The propane industry is seasonal in nature because propane is used
primarily for heating in residential and commercial buildings. Therefore, the
results of operations for the periods ended December 31, 1996 and December 31,
1997 are not necessarily indicative of the results to be expected for a full
year.
Inventories
Inventories are stated at the lower of cost or market and are computed
on a first-in, first-out basis. At the dates indicated the components of
inventory were as follows:
SEPTEMBER 30, DECEMBER 31,
1997 1997
------------- ------------
Propane gas $4,805 $3,916
Appliances and equipment 1,792 1,844
------ ------
$6,597 $5,760
====== ======
2) BASIC AND DILUTED NET INCOME PER LIMITED PARTNER UNIT
Basic net income per Limited Partner Unit is computed by dividing net
income, after deducting the General Partner's 2.0% interest, by the weighted
average number of Common Units and Subordinated Units outstanding.

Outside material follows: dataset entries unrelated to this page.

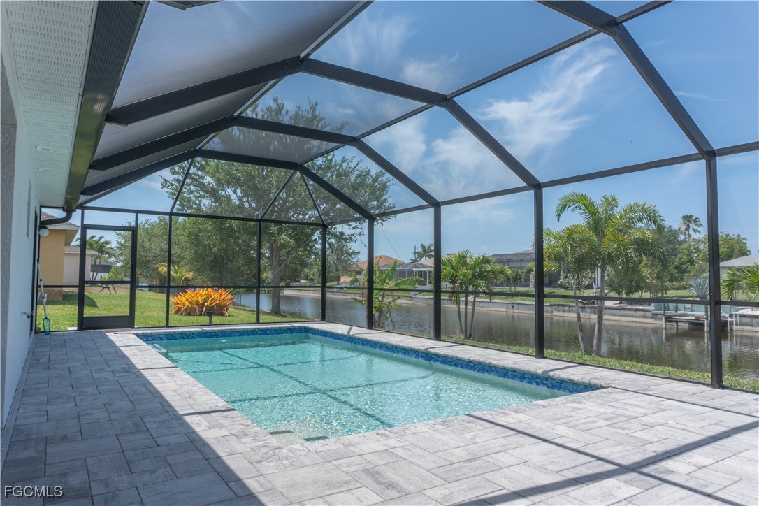 Custom Canal Home with Electric Heated Pool, Stunning Western Exposure and being offered Turnkey! This modern, beautifully designed home offers 3 bedrooms, 2 bathrooms, and a spacious 3-car garage. The interior features elegant tile flooring throughout, complementing the soaring high ceilings for an open and airy feel. The kitchen is a contemporary showstopper, perfect for entertaining, with a large island that becomes the centerpiece of gatherings. It comes fully equipped with high-grade appliances. Step outside to a completely pavered pool area, featuring a gorgeous electric heated swimming pool where you can enjoy breathtaking Florida sunsets thanks to the west-facing exposure. Located in SW Cape Coral, this home is just minutes from popular restaurants, shopping, Cape Harbor, Tarpon Point Marina, and more! Plus, it boasts a new seawall with a new metal roof adding to the property's appeal and waterfront lifestyle.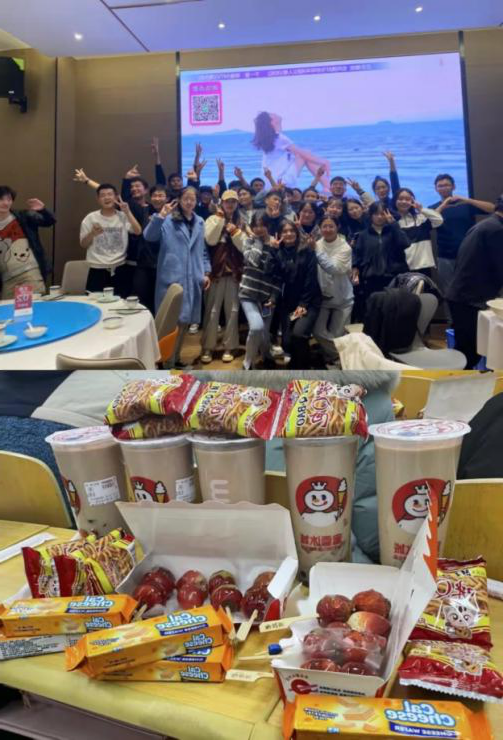 在这个世界上,没有一个人是孤岛;失去了陪伴,也失去了生存的意义。本支部自成立以来,便一直是一个团结一心,温暖友爱的大家庭。元旦前夜,本支部进行了一次小小的团建活动,分发了奶茶、糖葫芦、饼干等零食,大家一同游戏,一同聊天,一块跨年。小小的教室,充满了欢声笑语。在支部进行团建过后,男孩子会在班群里关心女生是否都安全到达宿舍,也会在跨年夜在班群中为大家发送祝福语和红包。不管何时何地,211103团支部所有成员的心是在一块的,劲是往一块拧的。相信未来的日子里,我们会更加的团结友爱,未来可期!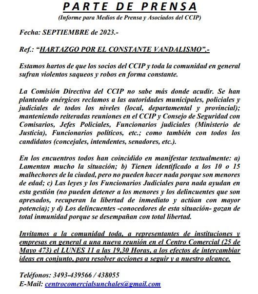 Locales Centro Comercial: "Hartazgo por el constante vandalismo" ·7 septiembre, 2023 ·Lisandro D'Angelis Reenviar Twittear Compartir El CCIP elaboró un comunicado en donde se expresa el enojo por los "violentos saqueos y robos". Por ende, convoca a toda la comunidad de Sunchales a una nueva reunión en su sede. La misma se desarrollará el próximo lunes 11 a las 19:30 horas. Noticias relacionadas Recuperación y arreglo de calles y caminos en toda la ciudad 16 abril, 2026 Operativos de atención de ANSES en todo el país: cómo será en Sunchales 14 abril, 2026 Nueva edición de Bioferia y Compostaje 14 abril, 2026 Enrico: “El Gobierno de Pullaro está construyendo en Sunchales un nuevo hospital cuatro veces más grande que el actual” 13 abril, 2026 El "Hospital Almícar Gorosito" incorpora un nuevo respirador portátil 10 abril, 2026 Taller "Mi futuro laboral" 9 abril, 2026 Navegación de entradas Siguiente noticiaAnterior noticia

Diluted net
income per Limited Partner Unit, reflects the dilutive effect of the unit option
plan.
3) COMMITMENTS AND CONTINGENCIES
In the ordinary course of business, the Partnership is threatened
with, or is named in, various lawsuits. The Partnership is not a party to any
litigation which individually or in the aggregate could reasonably be expected
to have a material adverse effect on the company.

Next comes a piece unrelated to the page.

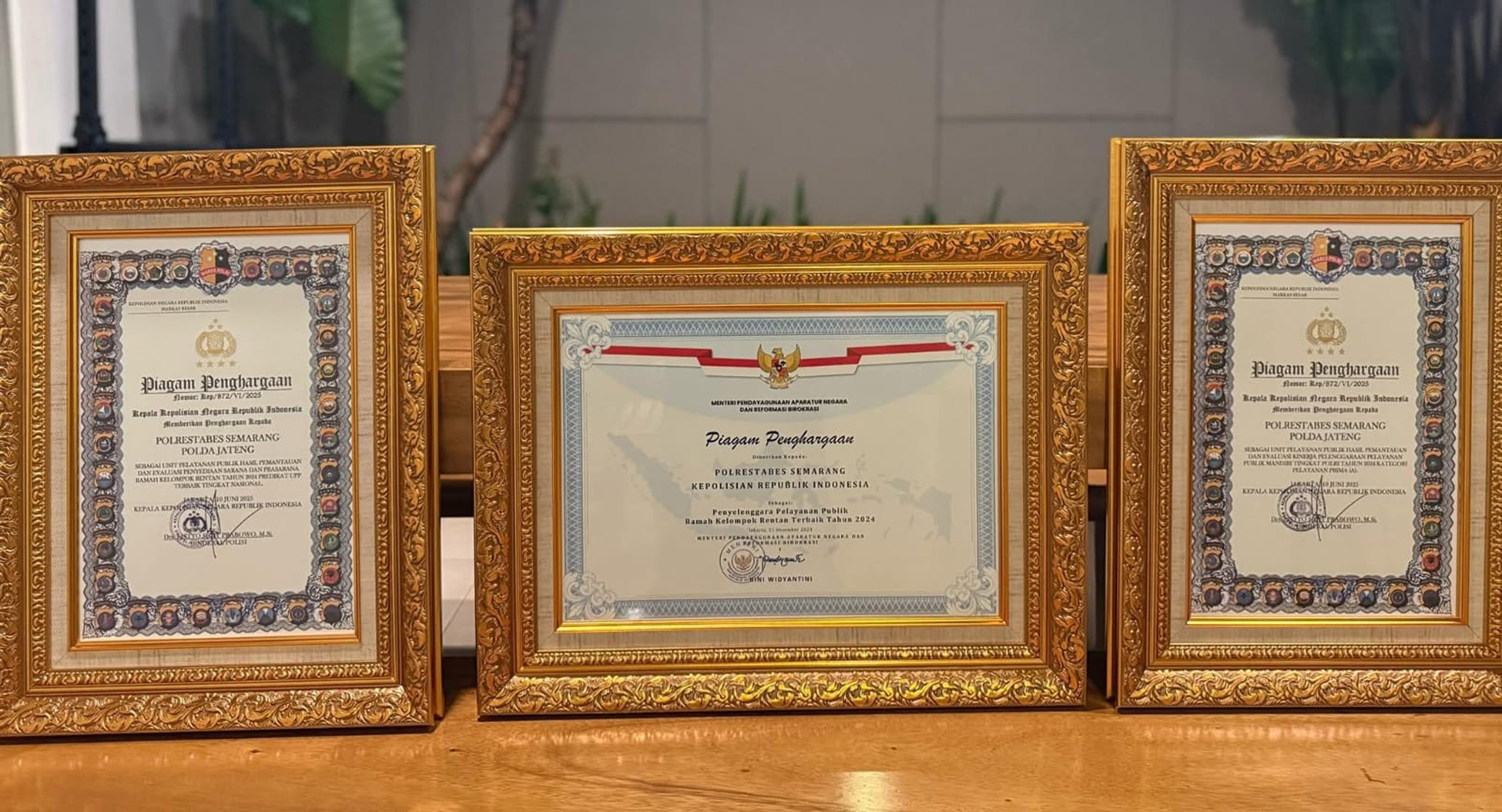 Tak kalah penting, penghargaan ketiga diperoleh dari hasil pemantauan dan evaluasi penyediaan sarana dan prasarana ramah kelompok rentan Tahun Anggaran 2024, yang menempatkan Polrestabes Semarang sebagai Unit Pelayanan Publik Terbaik Tingkat Nasional.

4) RELATED PARTY TRANSACTIONS
The Partnership has no employees except for certain employees of its
corporate subsidiary, Stellar Propane Service Corporation and is managed and
controlled by the General Partner. Pursuant to the Partnership Agreement, the
General Partner is entitled to reimbursement for all direct and indirect
7
4) RELATED PARTY TRANSACTIONS (CONTINUED)

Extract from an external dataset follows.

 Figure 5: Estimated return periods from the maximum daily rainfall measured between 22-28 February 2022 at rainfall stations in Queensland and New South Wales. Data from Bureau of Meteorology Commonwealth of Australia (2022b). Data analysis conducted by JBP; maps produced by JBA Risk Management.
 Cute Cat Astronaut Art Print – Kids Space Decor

expenses incurred or payments it makes on behalf of the Partnership, and all
other necessary or appropriate expenses allocable to the Partnership or
otherwise reasonably incurred by the General Partner in connection with
operating the Partnership's business. For the three months ended December 31,
1997, the Partnership reimbursed the General Partner and Petro $5.3 million
representing salary, payroll tax and other compensation paid to the employees of
the General Partner and to Petro for certain corporate functions such as finance
and compliance. In addition, the Partnership reimbursed Petro $0.2 million
relating to the Partnership's share of the costs incurred by Petro in conducting
the operations of a certain shared branch location which includes managerial
services.
5) ACQUISITION OF PEARL GAS CO.
On October 22, 1997, pursuant to a purchase agreement ("Stock Purchase
Agreement") dated as of October 20, 1997, Star Gas Corporation ("General
Partner") purchased 240 shares of Common Stock ($100 par value) of Pearl Gas Co.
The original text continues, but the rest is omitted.